Я был в последнем классе, когда на квартире, которую содержала моя мать, жили два брата Конахевичи — Людвиг и Игнатий. Они были православные, несмотря на неправославное имя старшего. Не обращая внимания на насмешки священника Крюковского, Конахевич не отказывался от своего имени и на вопросы в классе упрямо отвечал: «Людвиг. Меня так окрестили».
Это был юноша уже на возрасте, запоздавший в гимназии. Небольшого роста, коренастый, с крутым лбом и кривыми ногами, он напоминал гунна, и его порой называли гунном. Меня заинтересовала в нем какая-то особенная манера превосходства, с которой он относился к малышам, товарищам по классу. Кроме того, он говорил намеками, будто храня что-то недосказанное про себя.
Однажды, когда все в квартире улеглись и темнота комнаты наполнилась тихим дыханием сна, я долго не спал и ворочался на своей постели. Я думал о том, куда идти по окончании гимназии. Университет был закрыт, у матери средств не было, чтобы мне готовиться еще год на аттестат зрелости…
— Вы не спите? — тихо окликнул меня Конахевич.
— Не сплю.
— Думаете? О чем?
— У меня есть о чем подумать.
— Да, вы кончаете курс… Выбираете карьеру?.. В его голосе послышалась нотка иронии.
— Да, именно, — ответил я.
Он помолчал с полминуты, как бы прислушиваясь к дыханию спящих товарищей, и потом сказал, понизив голос:
— Счастливый вы человек…
— Это почему?
— У вас маленькие желания и маленькие задачи. Поэтому вы всего достигнете в жизни: окончите курс, поступите на службу, женитесь… И жизнь ваша покатится по ровной, гладкой дороге…
— А ваша? — спросил я, невольно улыбаясь в темноте.

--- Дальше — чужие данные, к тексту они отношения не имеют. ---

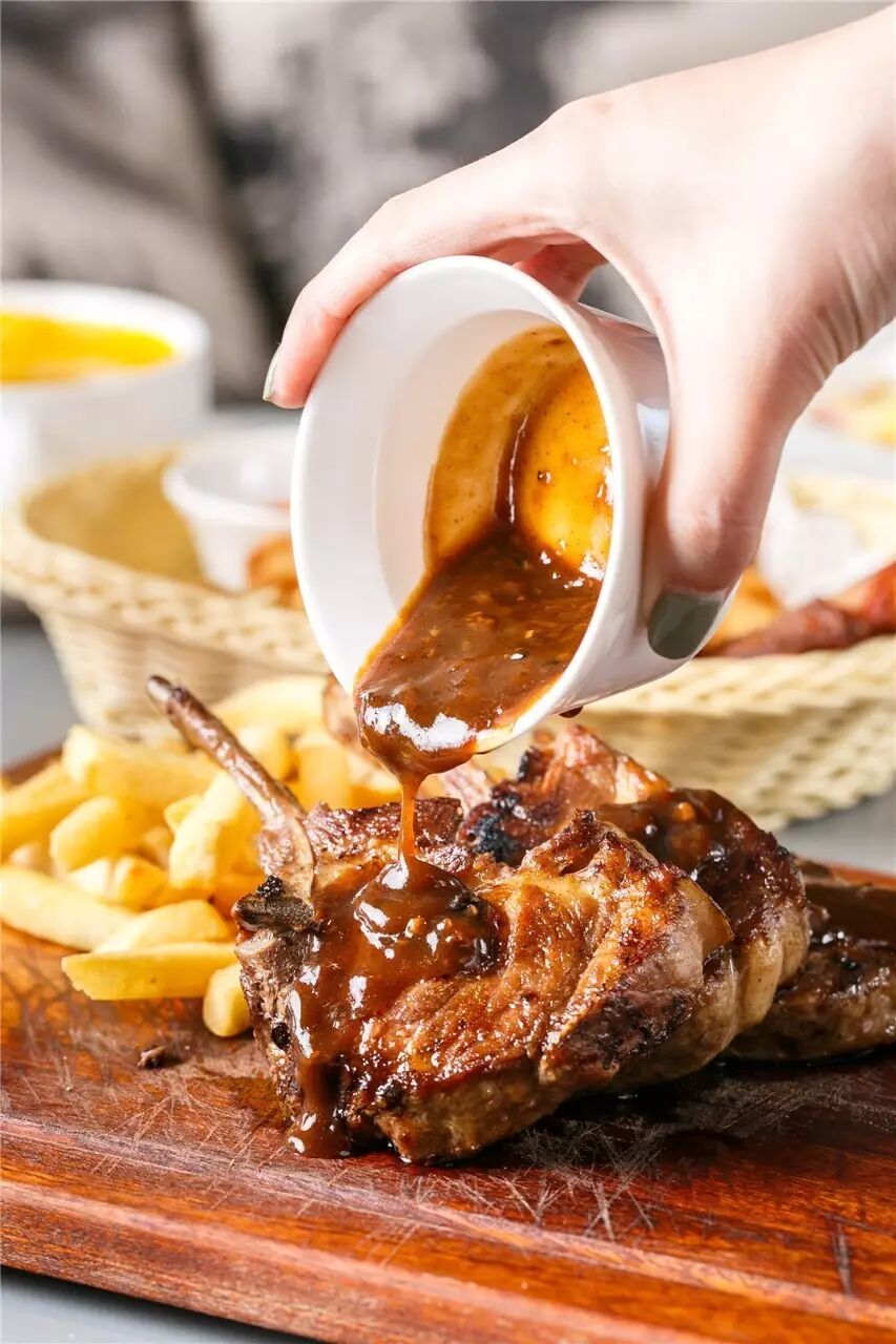 调入黑椒或红酒汁,二选一,味道更诱人,禁不住拿起一块,肉质鲜嫩有嚼劲,汁水四溢,满是留恋。

— Моя? — Опять с его кровати пронесся глубокий вздох, бурный и печальный.
— Мне суждена другая доля… Меня манит недостижимое. Жизнь моя пройдет бурно… Уничтожая все на своем пути, принося страдания всем, кого роковая судьба свяжет со мною. И прежде всего тех, кого я люблю.
— Не понимаю, — сказал я наивно. — Зачем же вы выбираете карьеру, связанную с такими неудобствами?..
Конахевич горько усмехнулся и сел на своей кровати.
— Ваш вопрос показывает, что вы, в своем счастливом неведении, не можете даже понять натуры, подобной моей. Карьера?.. Это только счастливцев, как вы, ждет карьера, вроде гладкого шоссе, обставленного столбами… Мой путь?.. Пустынные скалы… пропасти… обрывы… блудящие огни… Черная туча, в которой ничего не видно, но она несет громы… Вы в бога верите? Что-то помешало мне пуститься в откровенности, и я ответил кратко:
— Да, верю.
— А я, — мрачно сказал Конахевич, — давно утратил детскую веру…
Мне было интересно узнать, что скрывается в этой мгле с мрачным неверием, бурей и громами… Но в это время на одной из кроватей послышалось движение, и раздался голос младшего Конахевича. Это был мальчик не особенно способный, но усидчивый и серьезный. Старший был прежде его кумиром. Теперь он догнал его, и оба были в одном классе.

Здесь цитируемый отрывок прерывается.